Fathimath Dhiyana Saeed is a Maldivian diplomat, and was the Secretary-General of the South Asian Association for Regional Cooperation (SAARC). She was the first woman to hold this post since the organization's inception in 1985. She was appointed Secretary-General at the Thirty-third Session of the SAARC Council of Ministers in February 2011, and assumed office in Kathmandu on 1 March 2011. She succeeded India's Sheel Kant Sharma, whose term ended in February.

She was previously the Maldives’ Attorney General, and also served as the Maldivian Government’s Envoy for South Asia.
She holds a master's degree in Law from the Graduate School of Law and Politics, Osaka University, Japan. She has a PhD from Leicester University, UK. 

She is the first female to hold this position, as well as the youngest person on the post.

Early years and education
Dhiyana Saeed was born in Hithadhoo (modern Addu City), Maldives. She obtained her primary and secondary education in the Maldives. In 2000, she acquired a Bachelor's Degree in Law (LLB) from the University of Tasmania in Australia. In 2004, she earned a Master's Degree in Law (LLM) from the Graduate School of Law and Politics, Osaka University, Japan.

Politics
Fathimath Dhiyana Saeed is a founding member of the Dhivehi Rayyithunge Party and has served as a member of its Executive Council. Later, she joined the Jumhoory Party and was elected the Leader of its Women’s Wing. During these political stints, she has been a vocal proponent for legal reforms, human rights and gender issues as well as the consolidation of democratic governance in the Maldives.

Career
Dhiyana Saeed started her legal career as a State Attorney at the Attorney General’s Office in 2000. As a State Attorney, she was responsible for providing legal opinion to the Government on all aspects of its dealings and for reviewing draft laws and regulations. She was promoted to the post of Executive Director in 2005. Earlier the same year, she was also appointed to the People’s Majlis (Parliament) and by virtue of that appointment, she also became a member of the People’s Special Majlis (Constitutional Assembly). As a member of the Parliament and the Constitutional Assembly, she played a key role in introducing a multi-party democracy to the Maldives and instituting constitutional and law reforms.  She is especially credited for proposing a deadline to complete the constitution and a time-bound schedule to meet the proposed deadline.

Attorney General
In 2008, she was appointed as the Attorney General of the first multi-party Government in the Maldives.

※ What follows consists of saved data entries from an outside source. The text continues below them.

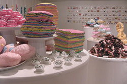 According to Meyers' Web site, http://mindysuemeyers.blogspot.com/, the sculptural sweets and pastries she makes from fabric and household objects explore themes related to indulgence, temptation, comfort and security.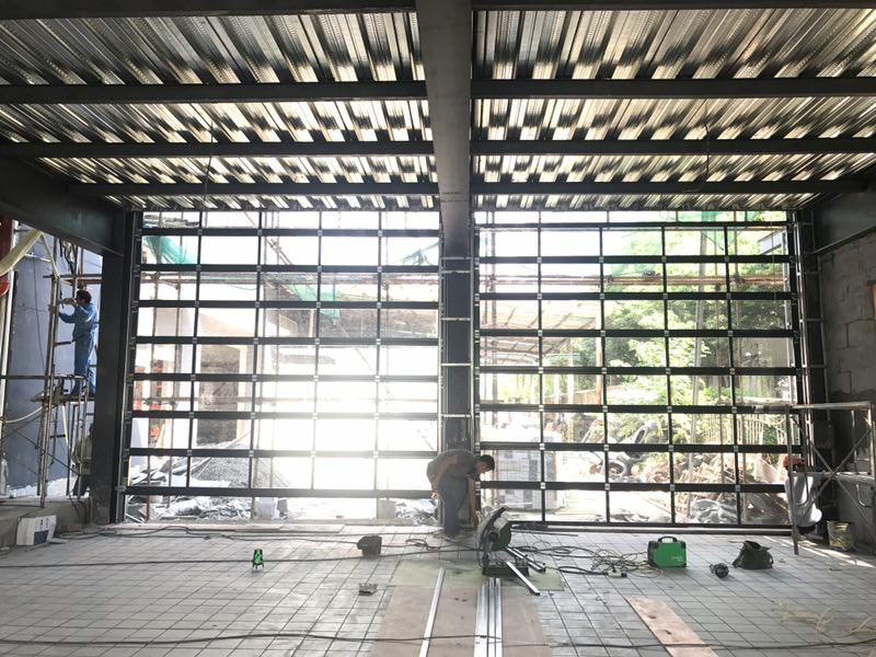 常州4S店透明提升门安装现场、透视提升门、透明滑升门。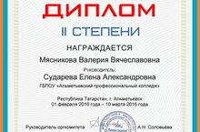 10 марта студенты колледжа Мясникова В. (11НПК) и Ильина Д. (11 НПК) приняли участие во II Всероссийской олимпиаде "Товароведение" и заняли 2 и 3 места (руководитель Сударева Е.А.)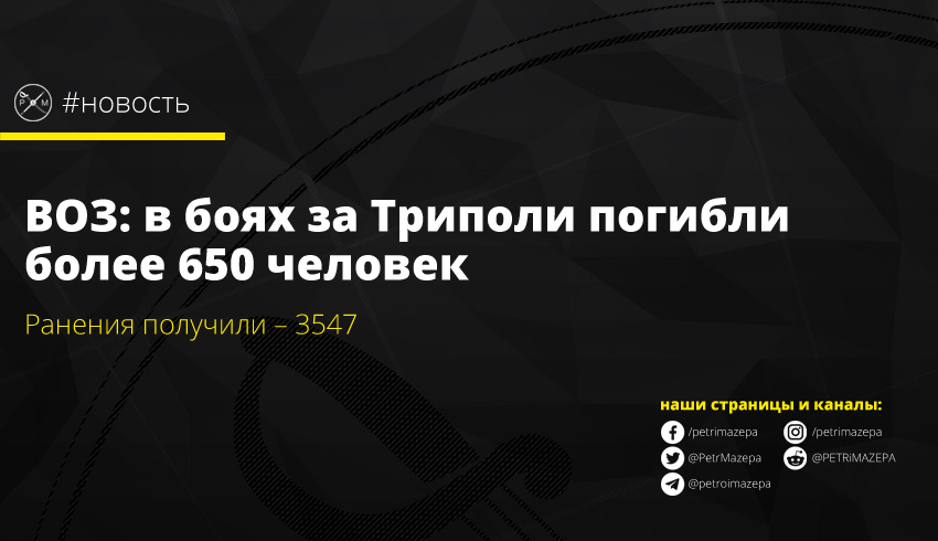 По данным Всемирной организации здравоохранения (ВОЗ) в окрестностях столицы Ливии Триполи, с начала боевых действий в апреле текущего года, погибли 653 человека. В том числе – 41 гражданский.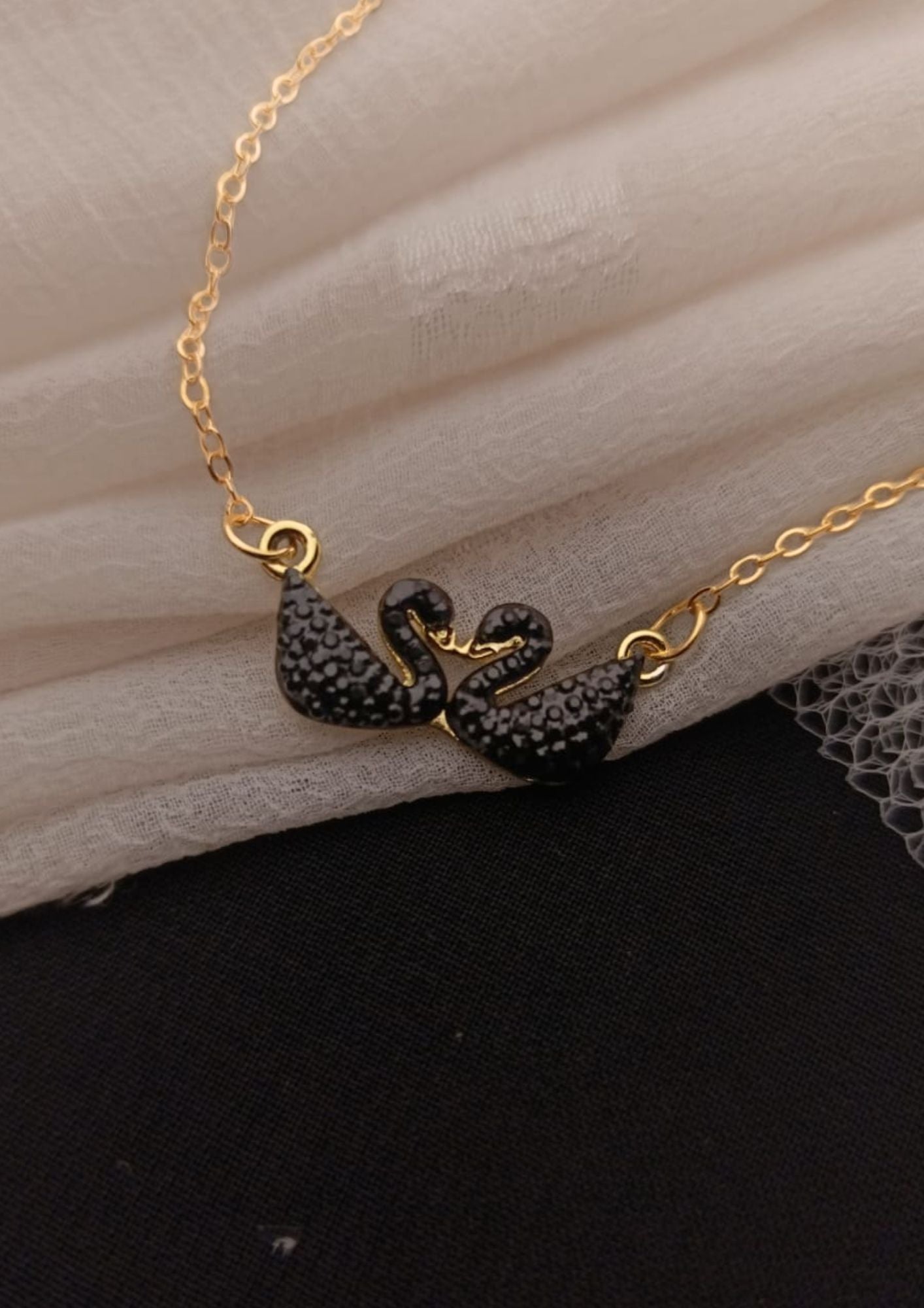 Golden black Swan Couple Necklace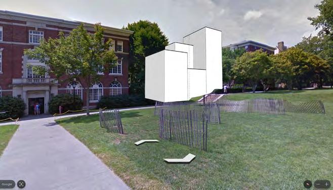 Everything on this sheet is process work that led me to the discovery of the final site behind Rockefeller Library. The second site, Simmons Quad was also a valid contender and has the potential for a beautiful project.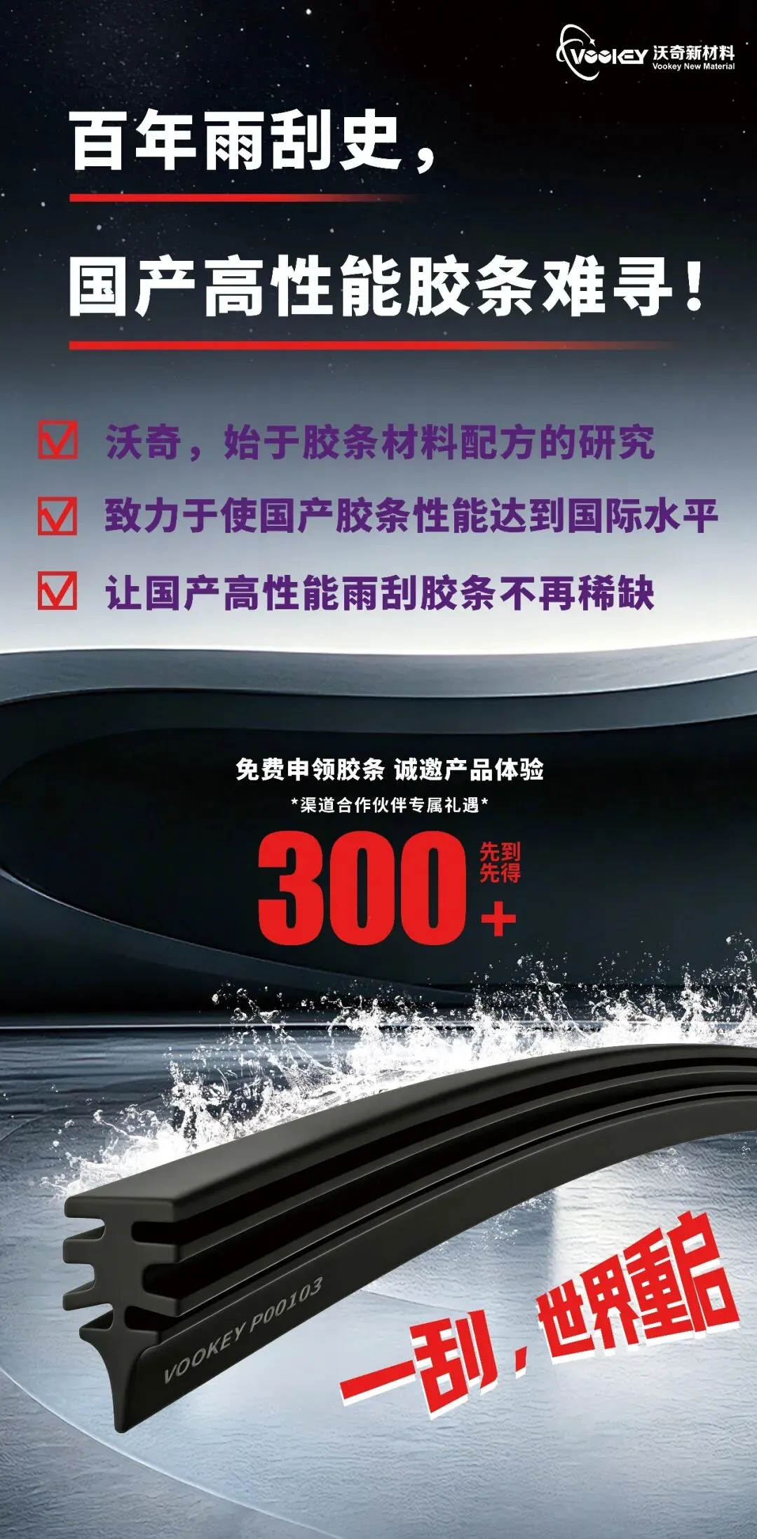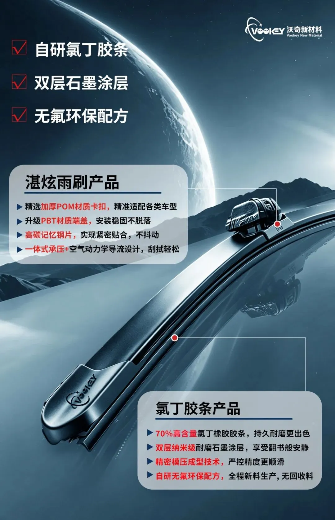 沃奇新材料携湛炫全系列高端雨刮器、雨刮胶条重磅参展,以硬核技术赋能汽车雨刮升级,诚邀各位汽配同仁、经销商、车企伙伴,莅临N7 馆 71221 展位,近距离感受沃奇雨刮的品质实力,共拓西南市场新蓝海!

As the Attorney General, she played a leading role to sustain the newfound democracy and the decentralization of powers in the Maldives.

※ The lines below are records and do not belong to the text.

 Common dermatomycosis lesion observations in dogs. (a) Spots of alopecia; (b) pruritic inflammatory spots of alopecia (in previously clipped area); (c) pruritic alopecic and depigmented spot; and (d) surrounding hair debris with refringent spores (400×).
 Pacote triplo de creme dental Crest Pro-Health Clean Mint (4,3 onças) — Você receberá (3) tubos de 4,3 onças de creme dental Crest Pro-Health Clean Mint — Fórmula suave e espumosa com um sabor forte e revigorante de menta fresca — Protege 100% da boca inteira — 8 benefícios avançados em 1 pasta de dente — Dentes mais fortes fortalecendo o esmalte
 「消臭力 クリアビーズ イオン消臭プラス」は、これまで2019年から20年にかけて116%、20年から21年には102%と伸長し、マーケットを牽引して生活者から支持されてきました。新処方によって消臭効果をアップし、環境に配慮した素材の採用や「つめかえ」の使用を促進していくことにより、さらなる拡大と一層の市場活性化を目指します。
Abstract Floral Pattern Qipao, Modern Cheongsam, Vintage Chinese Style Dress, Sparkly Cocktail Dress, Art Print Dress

On 18 May 2009, after 6 months as Attorney General, President Mohamed Nasheed officially dismissed Dhiyana Saeed as Attorney General. The President's Office later stated that this move was carried out in order to assemble a cabinet that has greater confidence within the opposition-ruled parliament. However, this move was also seen as a proving fact for the anticipated breaking of the coalition between  the ruling Maldives Democratic Party and Jumhooree Party, of which she was a member.

Envoy for South Asia
On 4 August 2010, President Mohamed Nasheed appointed Saeed as the Maldivian Government's Envoy for South Asia. She retained this post until 1 March 2011.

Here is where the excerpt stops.